Что-то схватило её за лодыжку; Соткен с отвращением дёрнула ногой, но цепкие пальцы разорванного пополам мертвеца ещё сильнее сжались от её движения. Лезвие меча просвистело в воздухе, будто лопнувшая струна, и иссохшая рука, отрубленная от извивающегося тела, разжалась.
– Осторожнее, – крикнул Скаидрис, указывая на что-то.
Впереди, словно из под земли, возник скрюченный силуэт высоченного зомби. На зеленоватые, мускулистые плечи ниспадал каскад грязных дредов. Ободранное лицо живого трупа повернулось к женщине; пустые глазницы вперились в Соткен.
Радостно оскалив почерневшие пеньки зубов, зомби запустил руку себе между ног и, недолго пошарив под подолом истлевших лохмотьев, оторвал и вытащил на свет что-то похожее на толстую змею, истекающую отвратительной бурой слизью. Дохлый член полетел ей точно в лоб; она чудом увернулась, но зловонная жидкость заляпала и лицо и одежду.
Соткен выронила катану и снова блеванула: мощно, обильно, мучительно.
Зомби потянулся к ней гниющими руками, покрытыми полопавшимися язвами, и в этот момент его голова разлетелась ошмётками, в очередной раз обдав распрямляющуюся Соткен тошнотворными брызгами и смрадом.
Она отреагировала новым неудержимым фонтаном рвоты.
Рядом возник Скаидрис – подхватив меч, юноша добивал копошащихся вокруг них мертвецов. Лив слегка морщился, когда чёрная кровь и густая слизь попадала ему на лицо.

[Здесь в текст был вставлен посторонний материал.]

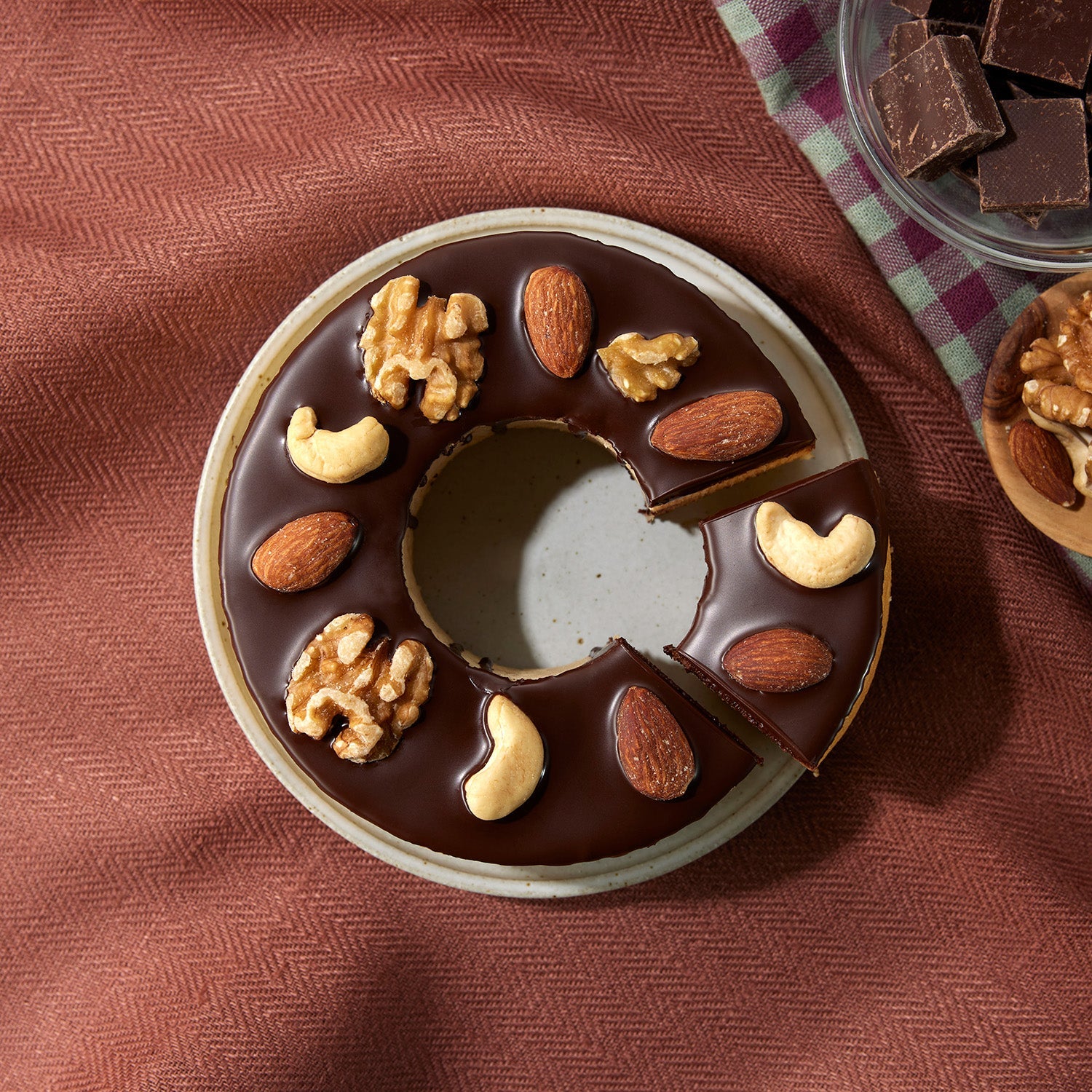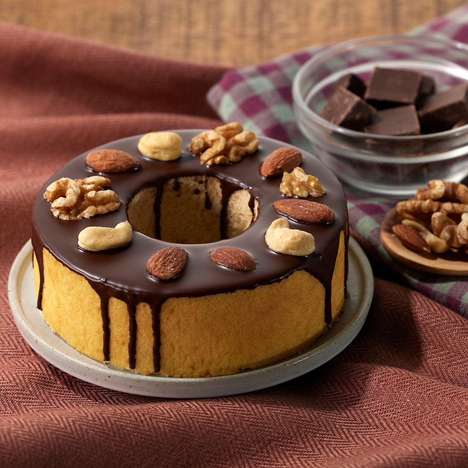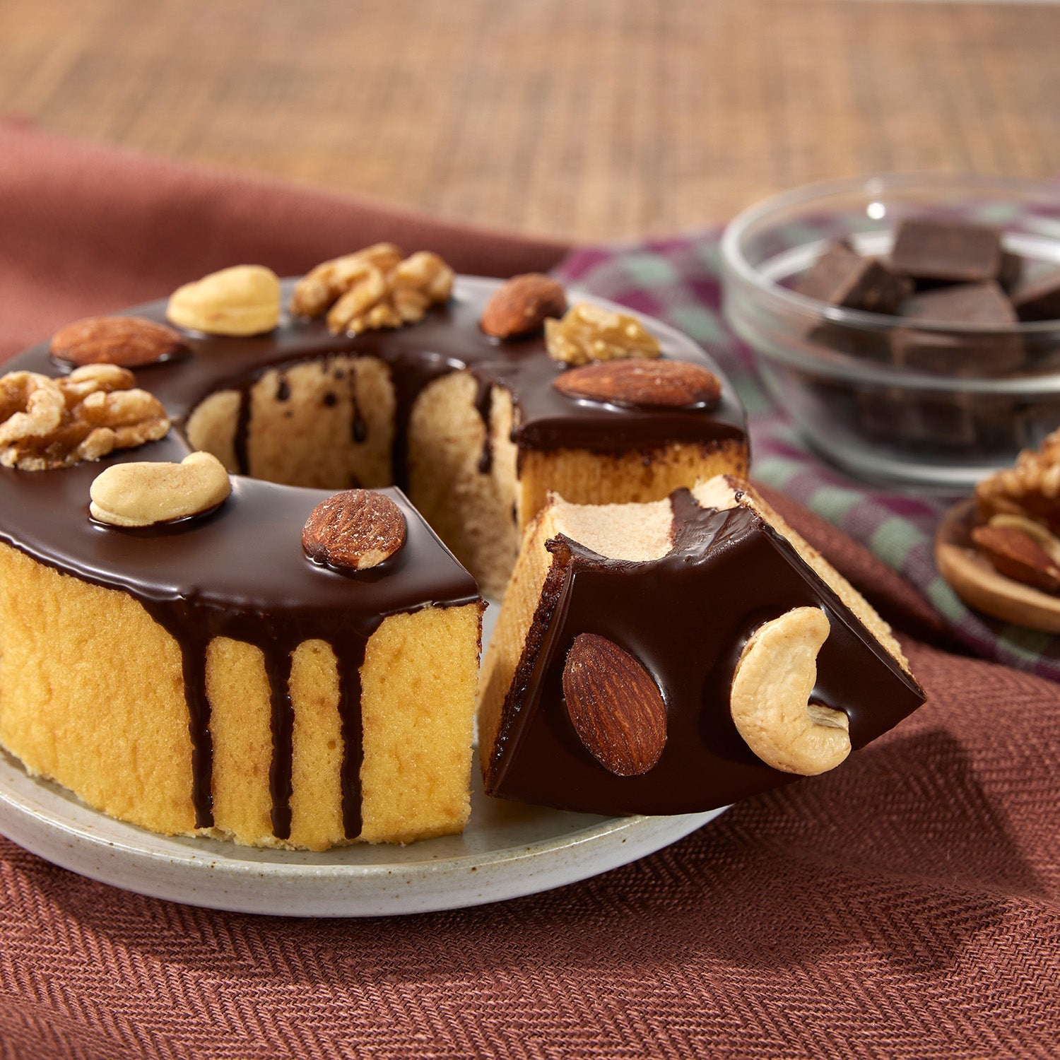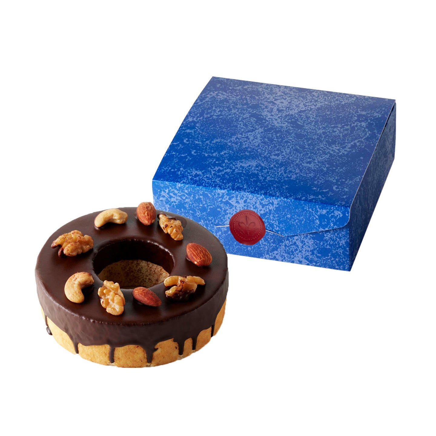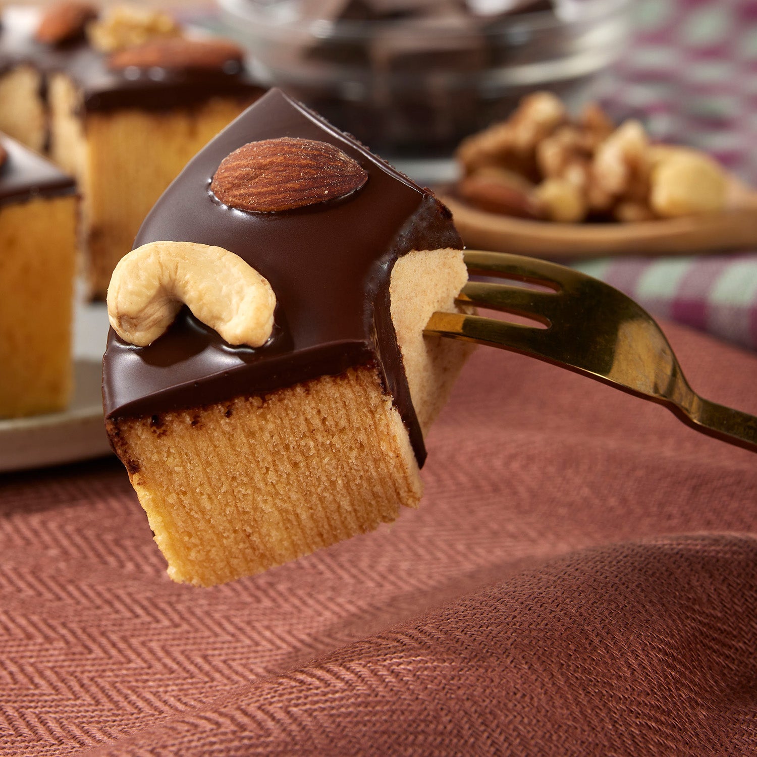 素材本来の味を活かしたバウムクーヘンにチョココーティングとナッツをトッピングした贅沢なバウムクーヘン。
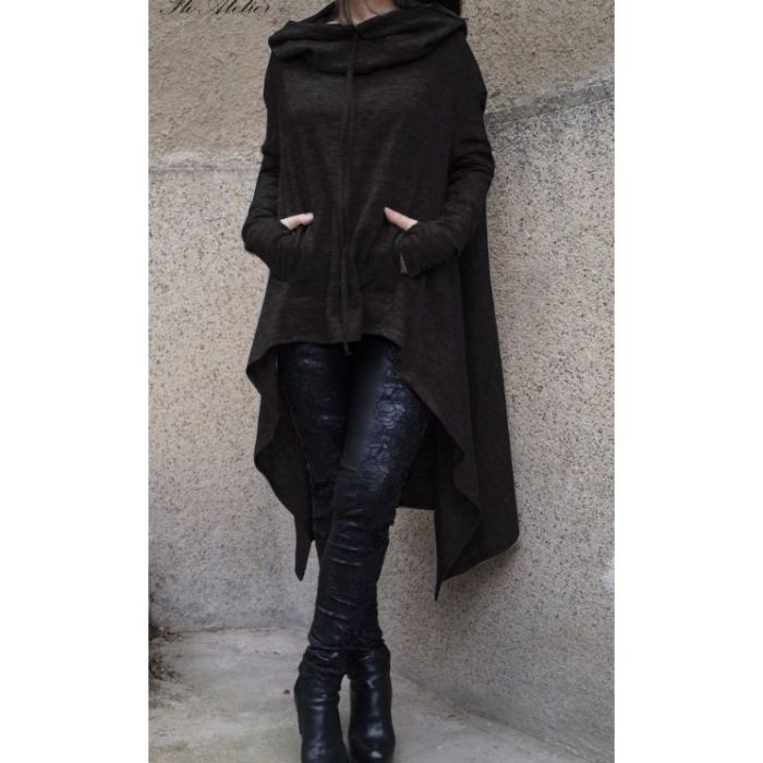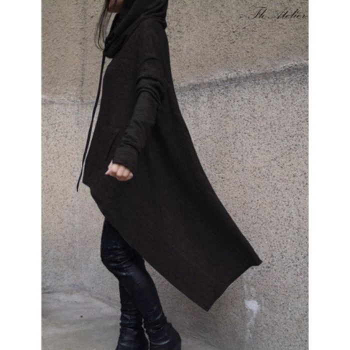 - كارديجان سادة كاجوال بأكمام طويلة وغطاء للرأس للسيدات

– Как ты можешь? – беспомощно вопросила кривушка.
Лив криво улыбнулся ей:
– Всё-таки «Травма», но мы ещё живы, – проговорил он, отсекая последнему ползущему к нему трупу лысую бошку, которая, откатившись в сторону, продолжала щелкать зубищами,– И вслушайся, тёть: какой же охуенныйсаундтрек!
* * *
В жёлтом свете больной луны глаза Бездны различили груду продолговатых предметов, сваленных в проёме очередной подбашенной арки.
«Это же гробы», – подумала девушка, пытаясь раздавить прыснувшую из под её ноги тощую крысу.
Грызун разразился злобным писком, когда носок армейского ботинка расплющил кончик его облезлого хвоста, но вырвался и юркнул в темноту.
– Монакура, это ж, блядь, гробы, – прошипела Аглая, задирая лицо вверх: там, под сводами арки находилась лохматая голова.
– Немерянная Куча Гробов, – согласился бывший барабанщик.
– Тёть, – пискнула девушка, – Что делает хуева туча гробов в этой зассаной подворотне?
– Неважно, – ответила Йоля, – Поверьте мне, мои хорошие: эти долбаные ящики – самое безобидное из того, что нас ждёт впереди.
И она вытолкала их прочь из арки. Они оказались на круглой площади, в конце которой кривилась убогая кирха, протыкая покосившимся шпилем небо, залитое нездоровым светом ущербного полумесяца. Пространство вокруг обступили облупленные трёхэтажные дома: черепичные крыши обрушились вниз, двери и окна забиты досками, на входных дверях намалёваны белые кресты.
На середине площади высился пьедестал: на нём стояли чьи-то широко расставленные ноги, обутые в высоченные ботфорты. Превосходно вылепленная задница, затянутая в облегающее трико, заканчивала композицию – выше неё ничего не было.
Бездна обошла памятник и залипла, уставившись на гигантские бронзовые признаки мужского достоинства. На пьедестале имелась табличка, гравировка сообщала:
«Gilles de Rignac, citoyen d'honneur de la ville».
– Гиллес де Ригнак, – восхищённо прошептали девичьи губы.
– Жиль де Риньяк, почётный гражданин города, – поправила её Йоля, – Это французский язык.
– А кто такой этот Жиль? – спросила Бездна.
–«Я в душе не ебу», – призналась Йоля, старательно выговаривая слова запомнившейся ей русской поговорки; она тоже удивлённо разглядывала выпирающие бронзовые подробности, – Но мне кажется он нам не враг.
– Мы попали во Францию? – нахмурился Монакура Пуу, – И где остальная часть месье Риньяка?
– И это не важно, мой хороший. Нам нужно выполнить условия контракта: всё остальное, происходящее здесь – не более чем морок, наваждение. Слышите?
Она подняла палец, прикоснувшись к уху.
И тогда они услышали.
Подошвы ног ощутили вибрацию, исходящую от кривой брусчатки мостовой. Потом послышался гул; он нарастал, приближаясь одновременно со всех сторон. Гул превратился в топот, топот стал маршем.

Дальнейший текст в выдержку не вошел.